(Beginning of GIVEN DATA)
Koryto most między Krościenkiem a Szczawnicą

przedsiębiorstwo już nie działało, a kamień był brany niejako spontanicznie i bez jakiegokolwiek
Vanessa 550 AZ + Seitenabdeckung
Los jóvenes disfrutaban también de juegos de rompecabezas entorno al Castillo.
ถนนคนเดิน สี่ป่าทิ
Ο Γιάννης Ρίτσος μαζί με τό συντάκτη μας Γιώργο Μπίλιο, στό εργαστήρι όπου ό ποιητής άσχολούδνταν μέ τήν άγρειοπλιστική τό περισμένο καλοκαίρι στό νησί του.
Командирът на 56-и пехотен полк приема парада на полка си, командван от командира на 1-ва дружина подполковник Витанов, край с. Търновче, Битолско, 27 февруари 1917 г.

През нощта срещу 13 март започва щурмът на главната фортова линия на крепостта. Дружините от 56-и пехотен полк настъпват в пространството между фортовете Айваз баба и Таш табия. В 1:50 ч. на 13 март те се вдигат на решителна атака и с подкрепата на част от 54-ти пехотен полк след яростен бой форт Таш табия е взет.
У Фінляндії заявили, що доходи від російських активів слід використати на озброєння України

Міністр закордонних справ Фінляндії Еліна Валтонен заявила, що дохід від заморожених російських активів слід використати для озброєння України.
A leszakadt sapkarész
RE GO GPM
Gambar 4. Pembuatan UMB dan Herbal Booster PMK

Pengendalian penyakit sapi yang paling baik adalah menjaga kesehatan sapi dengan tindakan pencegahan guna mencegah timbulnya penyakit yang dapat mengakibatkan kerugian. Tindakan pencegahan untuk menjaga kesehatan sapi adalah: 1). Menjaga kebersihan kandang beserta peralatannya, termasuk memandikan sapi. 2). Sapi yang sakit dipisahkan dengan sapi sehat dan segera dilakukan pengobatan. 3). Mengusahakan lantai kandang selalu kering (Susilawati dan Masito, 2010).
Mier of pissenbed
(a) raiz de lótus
(End of GIVEN DATA)
Return the records in full, exactly as they read.

Koryto most między Krościenkiem a Szczawnicą

przedsiębiorstwo już nie działało, a kamień był brany niejako spontanicznie i bez jakiegokolwiek
Vanessa 550 AZ + Seitenabdeckung
Los jóvenes disfrutaban también de juegos de rompecabezas entorno al Castillo.
ถนนคนเดิน สี่ป่าทิ
Ο Γιάννης Ρίτσος μαζί με τό συντάκτη μας Γιώργο Μπίλιο, στό εργαστήρι όπου ό ποιητής άσχολούδνταν μέ τήν άγρειοπλιστική τό περισμένο καλοκαίρι στό νησί του.
Командирът на 56-и пехотен полк приема парада на полка си, командван от командира на 1-ва дружина подполковник Витанов, край с. Търновче, Битолско, 27 февруари 1917 г.

През нощта срещу 13 март започва щурмът на главната фортова линия на крепостта. Дружините от 56-и пехотен полк настъпват в пространството между фортовете Айваз баба и Таш табия. В 1:50 ч. на 13 март те се вдигат на решителна атака и с подкрепата на част от 54-ти пехотен полк след яростен бой форт Таш табия е взет.
У Фінляндії заявили, що доходи від російських активів слід використати на озброєння України

Міністр закордонних справ Фінляндії Еліна Валтонен заявила, що дохід від заморожених російських активів слід використати для озброєння України.
A leszakadt sapkarész
RE GO GPM
Gambar 4. Pembuatan UMB dan Herbal Booster PMK

Pengendalian penyakit sapi yang paling baik adalah menjaga kesehatan sapi dengan tindakan pencegahan guna mencegah timbulnya penyakit yang dapat mengakibatkan kerugian. Tindakan pencegahan untuk menjaga kesehatan sapi adalah: 1). Menjaga kebersihan kandang beserta peralatannya, termasuk memandikan sapi. 2). Sapi yang sakit dipisahkan dengan sapi sehat dan segera dilakukan pengobatan. 3). Mengusahakan lantai kandang selalu kering (Susilawati dan Masito, 2010).
Mier of pissenbed
(a) raiz de lótus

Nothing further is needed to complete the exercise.